# I...want...one...



## Tracers (Apr 21, 2010)

Sorry, tried embedding it and wouldnt work for me


----------



## Claudia (Apr 21, 2010)

Thats is the cutestthing ever, is like a doggy i love the lil tale


----------



## Tracers (Apr 21, 2010)

i know!! did you watch it start to run??? omg my weiner dog and him would be bestest friends EVER!


----------



## Shrimpgirl (Apr 21, 2010)

So cute. I want one too.


----------



## `GhostDogg´ (Apr 22, 2010)

Nope didn't work for me either.


I'd luv to have a mini horse too.


----------



## prempitorystrike (Apr 21, 2010)

he was so cute I wish I could have horses again they are fun


----------



## O.C.D Fishies (Apr 21, 2010)

OMG Tracy you have a wiener dog?
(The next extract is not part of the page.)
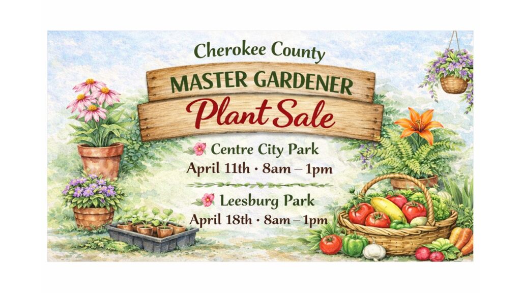 Alabama Master Gardener’s spring sale will feature flower plants, patio pots, succulent dish gardens, hanging baskets, patio and yard art, and vegetable plants. Bring your favorite pot for a designer session with the Master Gardeners. Purchase flowers plus $5 for soil and create your pot.

I want one I wonder how it would be with my ferrets?


----------



## Tracers (Apr 21, 2010)

probably pretty good  the only time he gets pissy is when puppies try to step on him. youd have to introduce them when its still young and i would worry about puppy bites tho...sharp...


----------



## plantedinvertz (Apr 21, 2010)

Wow very cute!!!


----------



## Atom (Apr 21, 2010)

He is very cute.

What is the expected lifespan of a miniature horse or is that a shetland?


----------



## target (Apr 21, 2010)

Very cute.


----------



## Crazy_NDN (Apr 21, 2010)

what is it what is it im lazy to click it


----------



## Tracers (Apr 21, 2010)

i think its a shetland, just the smallest born...14 inches!


----------



## lotus (Apr 22, 2010)

So adorable makes me want one too. That size is totally managable including its poo!


----------